=== Begin Enclosure ===
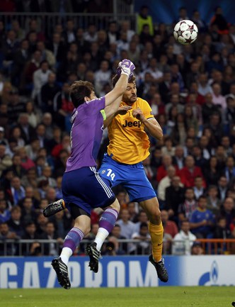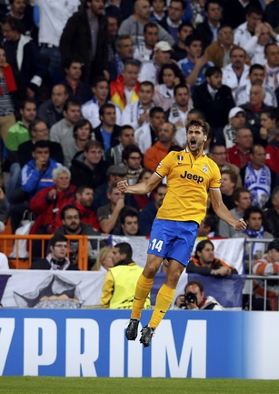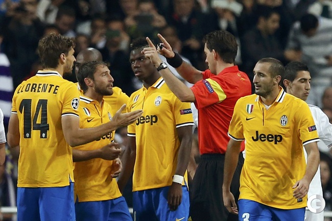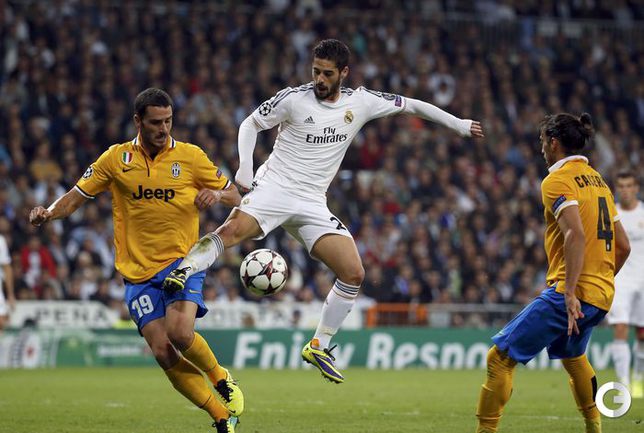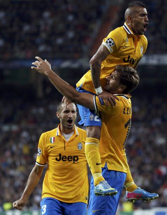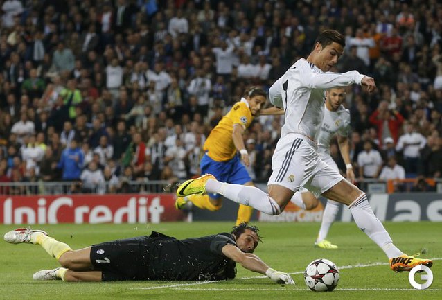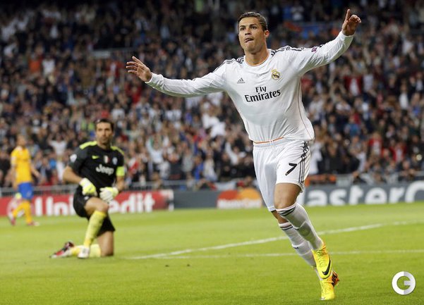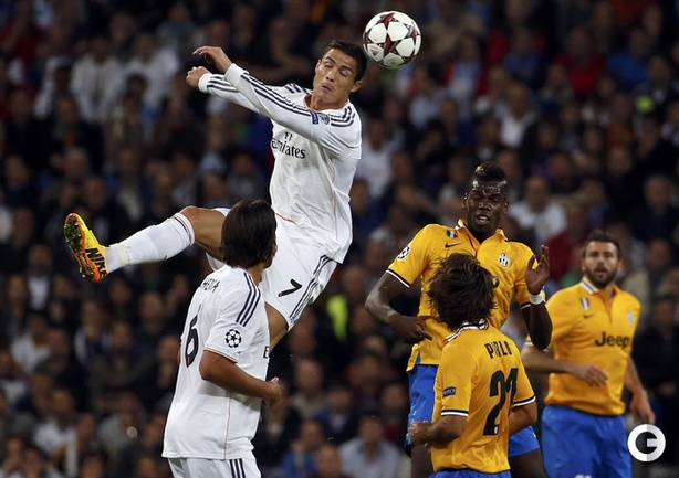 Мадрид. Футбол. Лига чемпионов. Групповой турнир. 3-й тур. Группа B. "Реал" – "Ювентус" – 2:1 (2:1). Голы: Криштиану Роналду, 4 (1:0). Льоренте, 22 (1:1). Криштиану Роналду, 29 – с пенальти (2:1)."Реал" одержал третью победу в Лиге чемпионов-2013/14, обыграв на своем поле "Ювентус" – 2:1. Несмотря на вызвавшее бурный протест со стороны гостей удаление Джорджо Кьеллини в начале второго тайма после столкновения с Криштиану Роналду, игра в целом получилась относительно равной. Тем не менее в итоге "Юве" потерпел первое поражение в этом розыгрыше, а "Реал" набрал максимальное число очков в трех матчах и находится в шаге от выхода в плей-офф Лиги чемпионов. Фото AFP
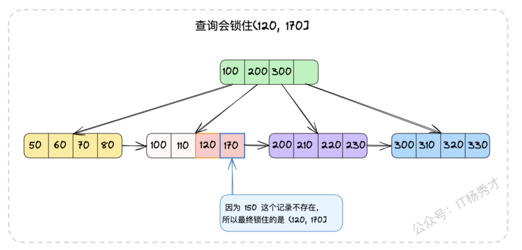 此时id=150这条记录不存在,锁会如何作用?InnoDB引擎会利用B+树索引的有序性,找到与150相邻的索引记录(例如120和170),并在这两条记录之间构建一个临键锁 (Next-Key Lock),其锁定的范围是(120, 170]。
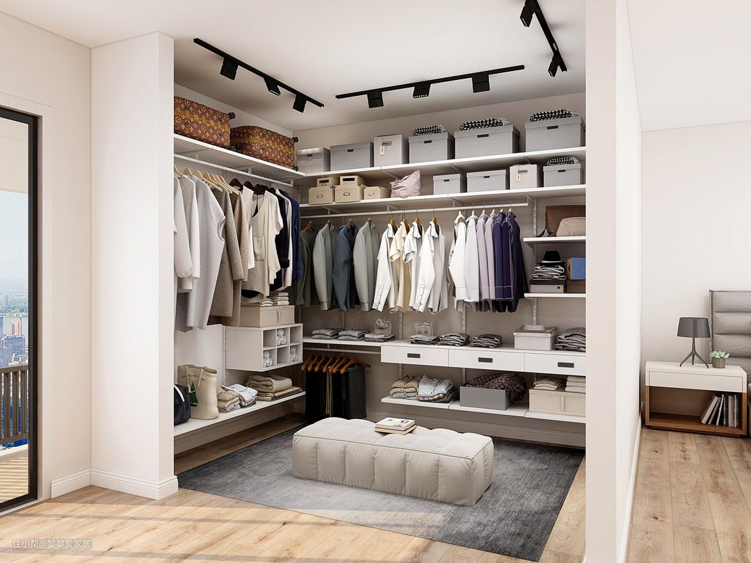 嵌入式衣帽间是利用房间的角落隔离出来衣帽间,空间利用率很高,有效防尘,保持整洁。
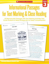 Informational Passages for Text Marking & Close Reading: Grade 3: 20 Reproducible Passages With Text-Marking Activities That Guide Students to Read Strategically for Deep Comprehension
=== End Enclosure ===
• PROBLEM DESCRIPTION: An exact copy is needed of the lines running from the one containing "(Next-Key Lock),其锁定的范围是(120, 170]。" through the last line of the material, and of no others; pictures stay out.

• EXERCISE SOLUTION:
 此时id=150这条记录不存在,锁会如何作用?InnoDB引擎会利用B+树索引的有序性,找到与150相邻的索引记录(例如120和170),并在这两条记录之间构建一个临键锁 (Next-Key Lock),其锁定的范围是(120, 170]。
 嵌入式衣帽间是利用房间的角落隔离出来衣帽间,空间利用率很高,有效防尘,保持整洁。
 Informational Passages for Text Marking & Close Reading: Grade 3: 20 Reproducible Passages With Text-Marking Activities That Guide Students to Read Strategically for Deep Comprehension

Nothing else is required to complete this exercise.